俺も含めて男たちは全員、中身ごと死んだと思った。
「あ、ああ、ああああああ……」
粉々になった氷の中から男が姿を現した。
自分が直面した状況に放心しているようで、言葉にならない音を口から漏らしていた。
生きてて良かった。本人が一番そう思っているだろうけど、俺も同じくらい思っているはずだ。

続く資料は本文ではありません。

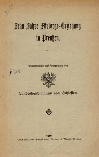Zehn Jahre Fürsorge-Erziehung in Preussen:

「まあ、これに懲りたら調子に乗って知らない相手にちょっかい出さないことだな」
内心ドキドキしながらも、表面的には平静を装って男たちに声をかける。
『さすが悠太ね!』
『普段からの修行の成果ですね』
何がさすがだ。修行とかそんなことは言わなくてよろしい。
表情筋は鍛えてなんぼだ。
男たちは声も出せずに頷きまくっている。
「ほら、もう行っていいから気をつけて帰れよ」
若干物足りなさそうなメディーをスルーしつつ、男たちを見逃すことにする。
「「「ひいいいいいっ」」」
謎の悲鳴を上げながら走り去ろうとしている男たち。
考えてみればかわいそうなものだ。
綺麗なお姉さんと仲良くするために絡んだら、氷漬けにされて死に直面するとか。しかもこんな田舎の街で。始まりの村の中でラスボスが出てきたようなもんか。
もうこんな危険に出会うことは無いだろう。大人しく生きてくれ。
そんなことを考えた俺だった。
あれ、日付が変わってる……
昨日のうちに上げたかったのですが、更新しておきます。